__PROBLEM REQUIREMENTS__
Set the listing down again in full, word for word, with the pictures left out.
───── DATASET CONTENT
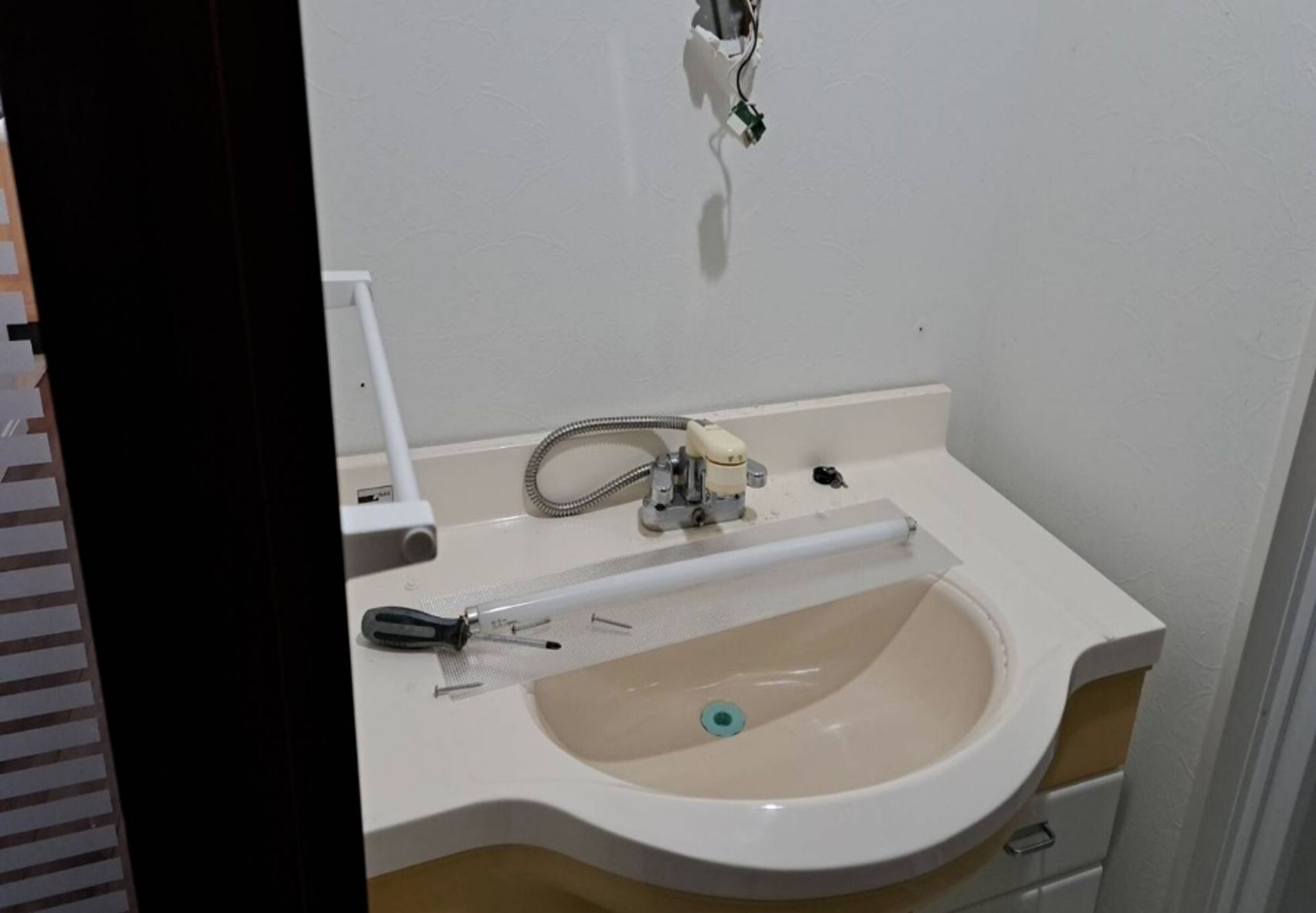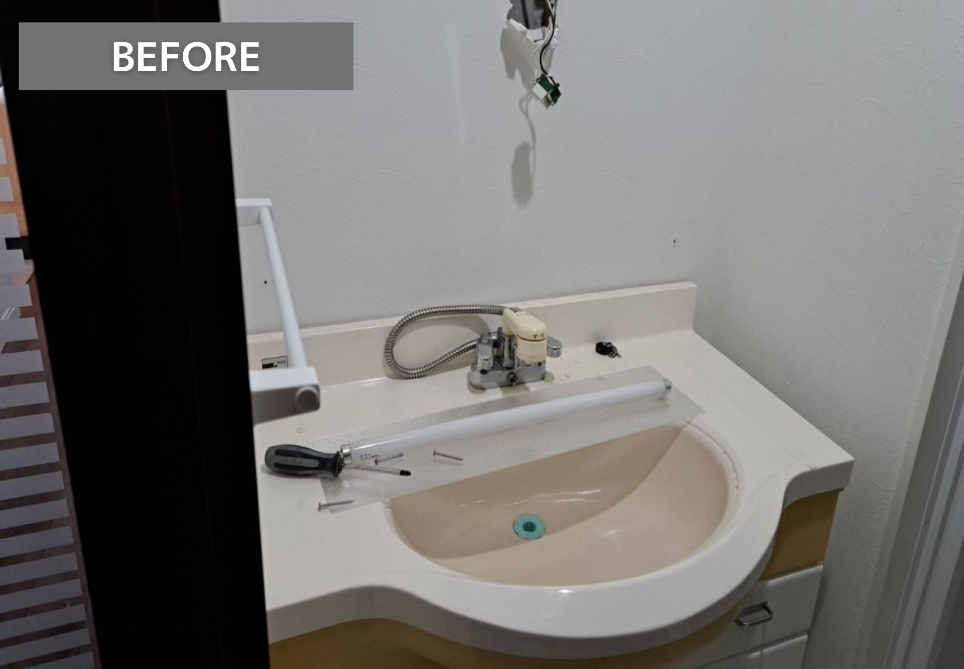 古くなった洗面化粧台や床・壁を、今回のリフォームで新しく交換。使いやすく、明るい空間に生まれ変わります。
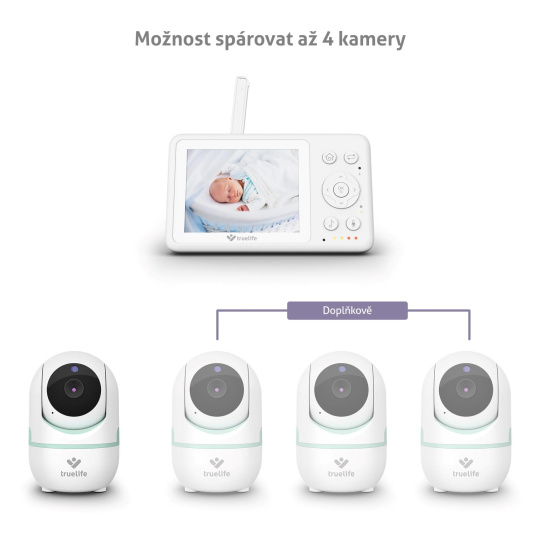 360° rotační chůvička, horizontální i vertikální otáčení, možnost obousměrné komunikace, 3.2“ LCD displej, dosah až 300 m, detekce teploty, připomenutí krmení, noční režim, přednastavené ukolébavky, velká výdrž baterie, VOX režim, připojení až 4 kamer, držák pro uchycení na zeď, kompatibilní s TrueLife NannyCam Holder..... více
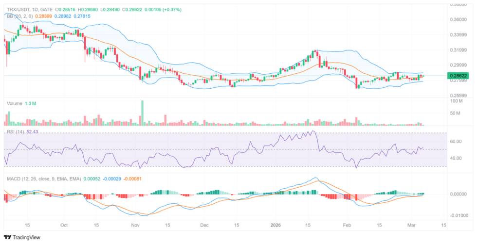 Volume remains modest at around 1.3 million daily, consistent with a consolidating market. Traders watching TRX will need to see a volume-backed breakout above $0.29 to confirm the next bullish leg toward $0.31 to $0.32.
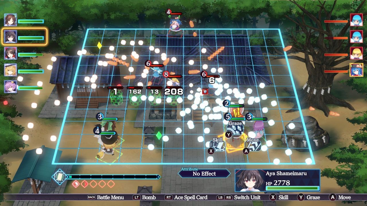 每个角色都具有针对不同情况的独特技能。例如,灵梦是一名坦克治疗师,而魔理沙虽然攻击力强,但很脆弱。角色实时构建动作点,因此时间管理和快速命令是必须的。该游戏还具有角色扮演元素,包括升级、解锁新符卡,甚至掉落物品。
──────────
__ANSWER AREA__
 古くなった洗面化粧台や床・壁を、今回のリフォームで新しく交換。使いやすく、明るい空間に生まれ変わります。
 360° rotační chůvička, horizontální i vertikální otáčení, možnost obousměrné komunikace, 3.2“ LCD displej, dosah až 300 m, detekce teploty, připomenutí krmení, noční režim, přednastavené ukolébavky, velká výdrž baterie, VOX režim, připojení až 4 kamer, držák pro uchycení na zeď, kompatibilní s TrueLife NannyCam Holder..... více
 Volume remains modest at around 1.3 million daily, consistent with a consolidating market. Traders watching TRX will need to see a volume-backed breakout above $0.29 to confirm the next bullish leg toward $0.31 to $0.32.
 每个角色都具有针对不同情况的独特技能。例如,灵梦是一名坦克治疗师,而魔理沙虽然攻击力强,但很脆弱。角色实时构建动作点,因此时间管理和快速命令是必须的。该游戏还具有角色扮演元素,包括升级、解锁新符卡,甚至掉落物品。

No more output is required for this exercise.